Open our shabby familiar walls,
Set the furniture in sacred space where breath carries its own consent --
And to live is no embarrassment.
Come with gifts and be the beauty in the hollow of things.
Come sweet holy days across time's bridge...
Find us ready.
To share.
To be fed.

-- from the "Friends Journal", December, 1998


"You Are"
--anonymous Jewish Commentary


You are strong when you take your grief and teach it to smile.
You are brave when you overcome your fear and help others to do the same.
You are happy when you see a flower and give it your blessing.
You are loving when your own pain does not blind you to the pain of others.
You are wise when you know the limits of your wisdom.
You are true when you admit there are times you fool yourself.
You are alive when tomorrow's hope means more to you than yesterday's mistake.
You are growing when you know what you are but not what you will become.
You are free when you are in control of yourself and do not wish to control others.
You are honorable when you find your honor is to honor others.
You are generous when you take as sweetly as you can give.
You are humble when you do not know how humble you are.
You are thoughtful when you see me just as I am and treat me just as you are.
You are merciful when you forgive in others the faults you condemn in yourself.
You are beautiful when you don't need a mirror to tell you.
You are rich when you never need more that you have.
You are what you are and that is enough for anyone to be loved.


Excerpt from Women Who Run With the Wolves, pp. 372-373
by Clarissa Pinkola Estes.


There are many ways and portions to forgiving a person, a community, a nation for an offense.
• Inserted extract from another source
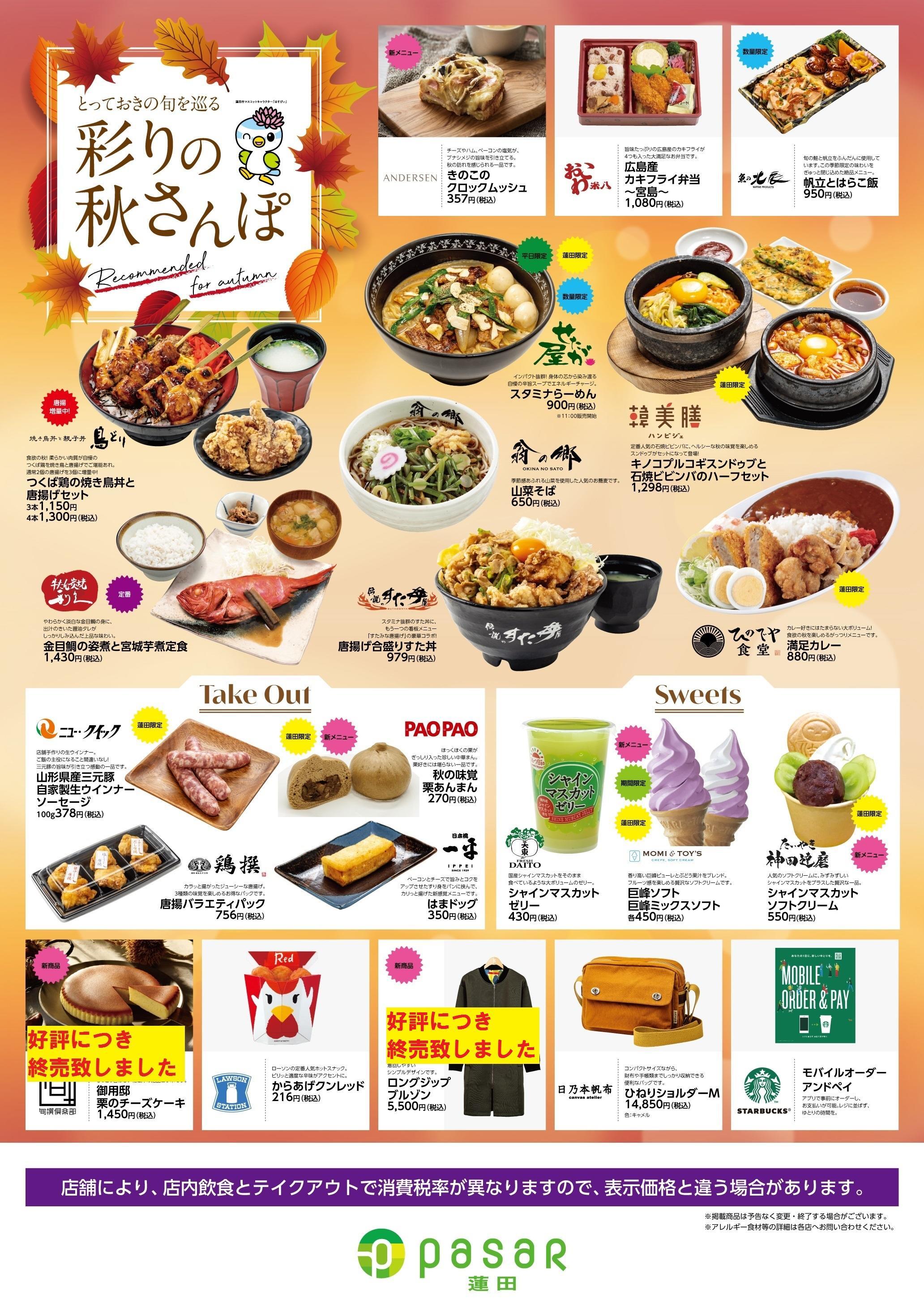 【秋のオススメ】 ~とっておきの旬をめぐる~ 彩りの秋さんぽ 【 ☆秋のオススメ☆ 】 ~とっておきの旬をめぐる~ 彩りの秋さんぽ 食欲の秋にピッタリのキノコや栗といった秋の味覚をふんだんに使った新メニューが続々と登場しています! 蓮田限定や数量限定、期間限定のものもございますので、ぜひこの機会をお見逃しなく☆彡

It is important to remember that a "final" forgiveness is not surrender. It is a conscious decision to cease to harbor resentment...You are the one who decides when to forgive and what ritual to use to mark the event.

Forgiveness does not mean giving up one's protection but one's coldness. One deep form of forgiveness is to cease excluding the other...

Forgiveness is an act of creation. You can choose from many ways to do it. You can forgive for now, forgive till then, forgive till the next time, forgive but give no more chances -- its a whole new game if there's another incident... You can forgive part, all or half the offense. You can devise a blanket forgiveness. You decide.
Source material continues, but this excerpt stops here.